*What you should do*. All pictures are to be dropped, and the remaining data set down exactly.

*Supplied material*.
——————

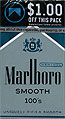 Marlboro Smooth 100's Menthol limited edition with print at cellophane USA 2016 20 pieces with Filter in Flip Top Box with Cellophane Barcode 028200174734 Producer Philip Morris USA Trade Mark Owner Philip Morris |
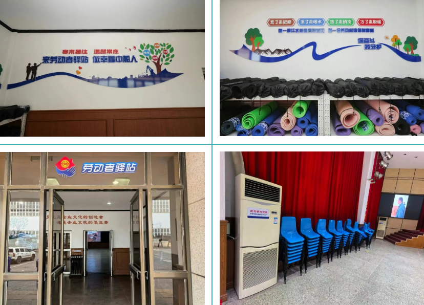 這個約300平方米的會議室共享空間內,可滿足休息、補水、應急等多重需求。空調定時運轉,保持著舒適的溫度;直飲機冷熱水方便打??;窗臺上擺放著急救藥箱,里面備有藿香正氣水、創可貼、速效救心丸等藥品;架子上的躺墊干凈整潔,可供短暫休憩;手機充電電源,解決戶外勞動者“電量焦慮”問題;架子上整齊擺放的愛心傘,為工友提供愛心雨具;設置“叫醒服務”的起床鬧鈴,為大家按時起工提供了更好保障。此外,該公司還在生產現場增設了3個小型驛站,配備小藥箱、血壓計、AED等設備,兼具健康小屋功能,實現重點區域全覆蓋。同時,建立定期巡查維護機制,確保各項設施正常運轉,并根據使用者反饋不斷優化服務內容。
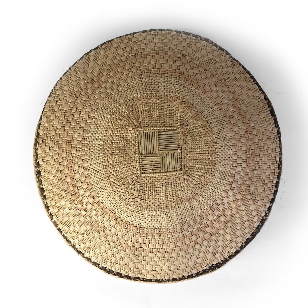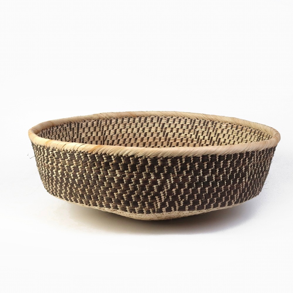 トンガバスケットは、ジンバブエ西部のビンガ地方で、 トンガ人の女性たちによってイララ(椰子の葉)を手編みして作られています。もとは穀物を運んだり選別するために使用されていました。 ストライプや蜘蛛の巣模様、稲妻模様などの伝統的なデザインと、四角い底の土台が特徴的。 放射状の葛に、ナチュラルなイララの葉と、樹皮や根、泥で染色を繰り返したブラウンの葉の二色が編み込まれ、二つとして同じ柄がないというの美しいカゴを創り出します。 また壺に似せたカラバッシュカゴをはじめ、様々なフォルムのカゴを器用に編み上げます。 これらは干ばつと貧困に見舞われやすい地域に住むトンガの人々にとって、貴重な現金収入となっています。 ひとつひとつ表情が異なるバスケットは、インテリアアイテムとして近年注目されています。

——————

*Answer box*.
 Marlboro Smooth 100's Menthol limited edition with print at cellophane USA 2016 20 pieces with Filter in Flip Top Box with Cellophane Barcode 028200174734 Producer Philip Morris USA Trade Mark Owner Philip Morris |
 這個約300平方米的會議室共享空間內,可滿足休息、補水、應急等多重需求。空調定時運轉,保持著舒適的溫度;直飲機冷熱水方便打??;窗臺上擺放著急救藥箱,里面備有藿香正氣水、創可貼、速效救心丸等藥品;架子上的躺墊干凈整潔,可供短暫休憩;手機充電電源,解決戶外勞動者“電量焦慮”問題;架子上整齊擺放的愛心傘,為工友提供愛心雨具;設置“叫醒服務”的起床鬧鈴,為大家按時起工提供了更好保障。此外,該公司還在生產現場增設了3個小型驛站,配備小藥箱、血壓計、AED等設備,兼具健康小屋功能,實現重點區域全覆蓋。同時,建立定期巡查維護機制,確保各項設施正常運轉,并根據使用者反饋不斷優化服務內容。
 トンガバスケットは、ジンバブエ西部のビンガ地方で、 トンガ人の女性たちによってイララ(椰子の葉)を手編みして作られています。もとは穀物を運んだり選別するために使用されていました。 ストライプや蜘蛛の巣模様、稲妻模様などの伝統的なデザインと、四角い底の土台が特徴的。 放射状の葛に、ナチュラルなイララの葉と、樹皮や根、泥で染色を繰り返したブラウンの葉の二色が編み込まれ、二つとして同じ柄がないというの美しいカゴを創り出します。 また壺に似せたカラバッシュカゴをはじめ、様々なフォルムのカゴを器用に編み上げます。 これらは干ばつと貧困に見舞われやすい地域に住むトンガの人々にとって、貴重な現金収入となっています。 ひとつひとつ表情が異なるバスケットは、インテリアアイテムとして近年注目されています。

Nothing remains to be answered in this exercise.